In light of the white supremacist group Patriot Front’s hanging of a banner on UTSA’s main campus, UTSA Police Chief Gerald Lewis says campus police are prepared if more incidents occur, including if Patriot Front or other extremist groups demonstrated physically on campus.
“We have to respect First Amendment rights, and as long as (groups) are expressing those First Amendment rights in a responsible and appropriate and safe manner, then we won’t interfere,” he said. “Will we monitor it? Absolutely. Would we be able to handle it if something additional happened? Absolutely.”
UTSA Police Department is currently investigating to determine who hung the banners on campus and the department is increasing security patrols on campus. Security camera footage from the night of the incident is still being reviewed.
Lewis said that because the investigation into who hung the banners is still active, the security footage cannot be released. “If you give away information from an ongoing investigation you jeopardize that investigation,” Lewis said. “The review of that video has not stopped.”
“Whether we will actually be able to identify who’s responsible for this, that may not happen,” Lewis said. “If someone goes out with a purpose and they disguise themselves, if they wear a mask, if they wear a hood, or gloves, those things make it a little harder to determine and identify that person.”
In response to the banner, the United UTSA Coalition sent a letter to the Office of the President on Nov. 27. The letter claimed that President Eighmy’s response to the banner “(failed) to adequately address the very real and serious threat and racist hate groups such as Patriot Front pose to the entirety of the student body,” further calling the address “performative gestures that seek to alleviate the administration’s burden of addressing this issue without providing any immediate or effective solution to the presence of fascist and white supremacist hate groups on campus.”
The group demanded the university administration issue a formal statement denouncing white supremacist groups; refuse permission for people to “spread fascist and white supremacist rhetoric to the UTSA campus”; for the university to make a “concerted and visible effort” to discover who hung the banner; to release security camera footage of the incident; an open line of communication into disciplinary actions taken against those who committed the banner hanging, if caught; a diversity statement, signed by UTSA’s administration, in commitment to implementing a diversity and sensitivity training program; and a commitment to a more diverse faculty and staff.

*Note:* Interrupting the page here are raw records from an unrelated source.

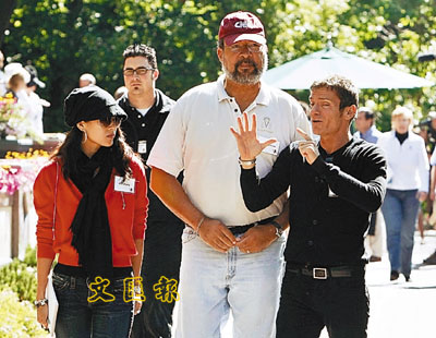 章子怡傳出婚訊,令人感到她彷彿是一登龍門,從此可享少奶奶的福。近日身處美國愛達荷州太陽谷的子怡,和去年一樣都是陪同未婚夫Vivi Nevo而來,雖然愛郎忙於跟時代華納的高大主席傾生意(右圖),但她沿途聽得專注沒有黑面,似乎是已習慣當上傳媒名人的重要賢內助了。不過轉
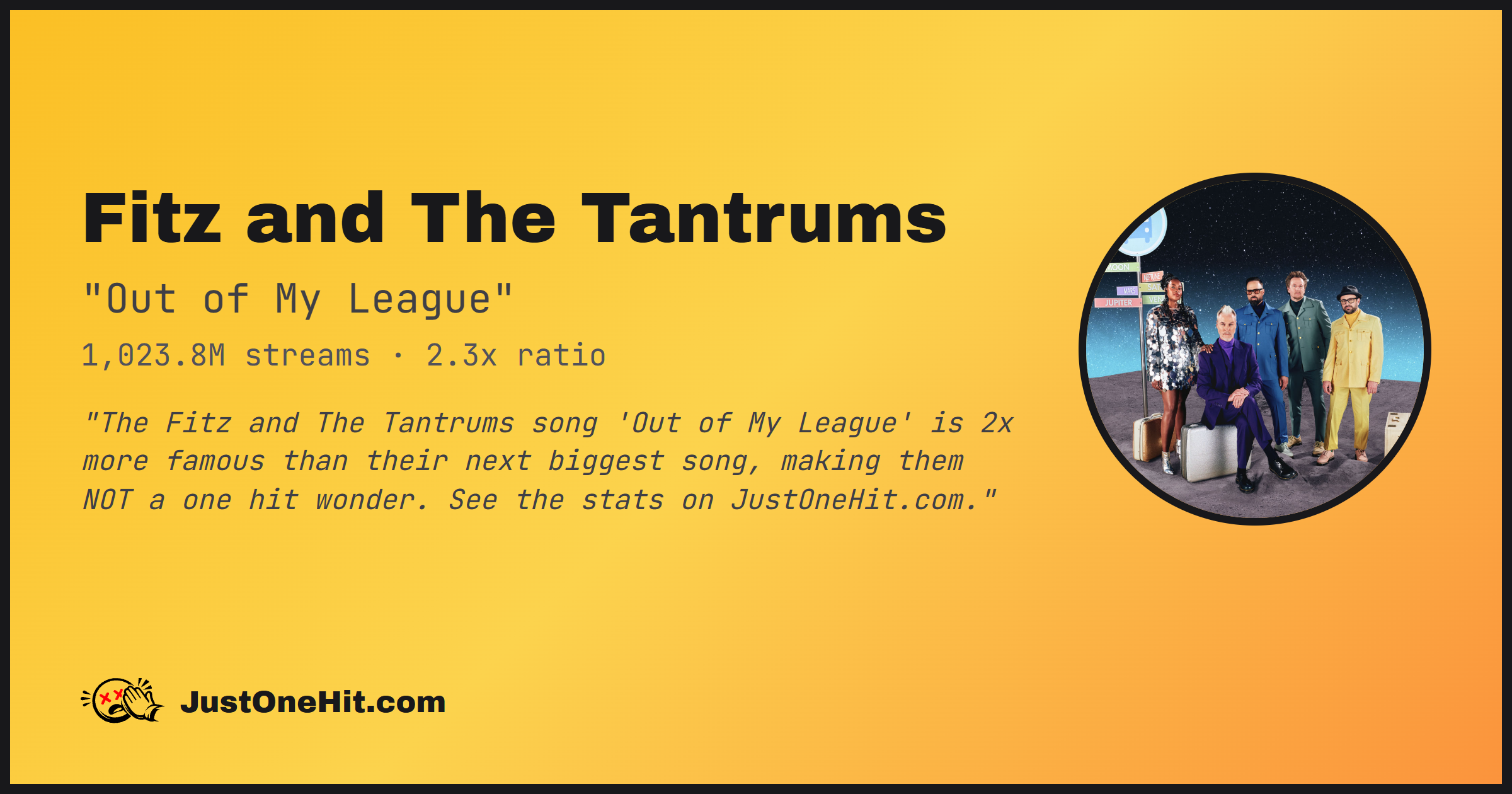 "The Fitz and The Tantrums song 'Out of My League' is 2x more famous than their next biggest song, making them NOT a one hit wonder. See the stats on JustOneHit.com."
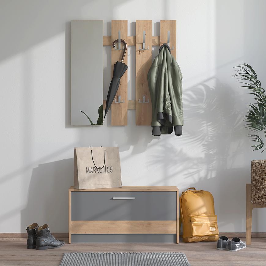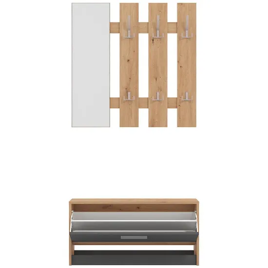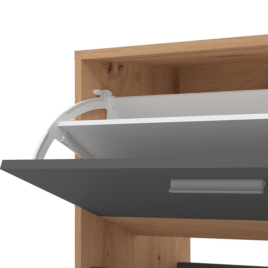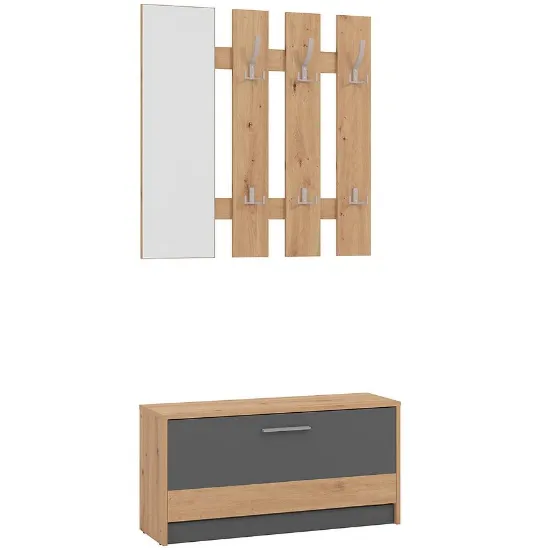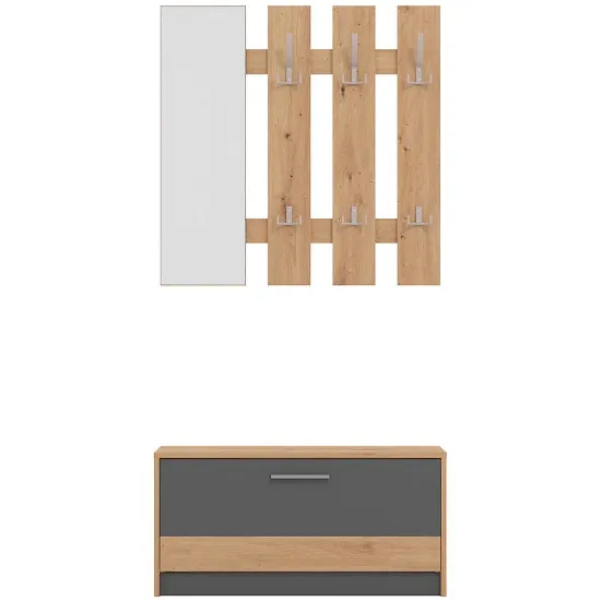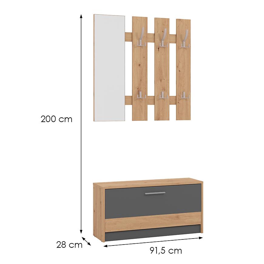Garderoba Rimini Artisan/Grafit 11011705 to nowoczesny mebel, który łączy funkcjonalność z estetyką. Wykonana z wysokiej jakości płyty wiórowej laminowanej, charakteryzuje się trwałością i odpornością na uszkodzenia. Jej minimalistyczny design, połączenie odcieni dębu artisan i grafitu, sprawia, że doskonale komponuje się w różnych aranżacjach wnętrz, od nowoczesnych po klasyczne.

President Eighmy’s response to the letter, posted on UTSA Today, attempted to address the concerns. Initiatives planned, as listed in order of demands the United UTSA Coalition made in their letter, are issuing a joint statement with San Antonio college and university presidents and Mayor Ron Nirenberg; implementing policies similar to UT-Austin’s regarding groups that are not affiliated with the university demonstrating on campus; stating that review of security camera footage is ongoing, yet inconclusive; increasing the number of cameras on campus, along with increased campus patrols; issuing a diversity statement developed by the Diversity and Inclusiveness Advisory Council; forming a Campus Climate Council; launching a “strategic initiative” to increase campus and staff diversity next spring; and the forming of a Bias Response Team to “identify and communicate bias incidents on campus.”
Along with added personnel, the piloting of Rowdy Watch Student Patrol, a UTSAPD-launched program where UTSA students provide walking and golf-cart escorts from one on-campus location to another; check the security of buildings; check bicycle racks for unsecured bicycles; and report on lighting and other safety issues has been implemented.
“This is not something that will be resolved overnight,” Jazmyne Brooks, NAACP chair, said. “However, we left the meeting knowing that positive and tangible change is actively being made and Dr. Eighmy is reaching out to students, faculty, staff and the greater San Antonio community to be apart of this process.”
Individuals were detained Sunday night at Texas State University and given criminal trespassing warnings by campus police after seen posting white supremacist flyers around campus. None of the people in the group of five were students.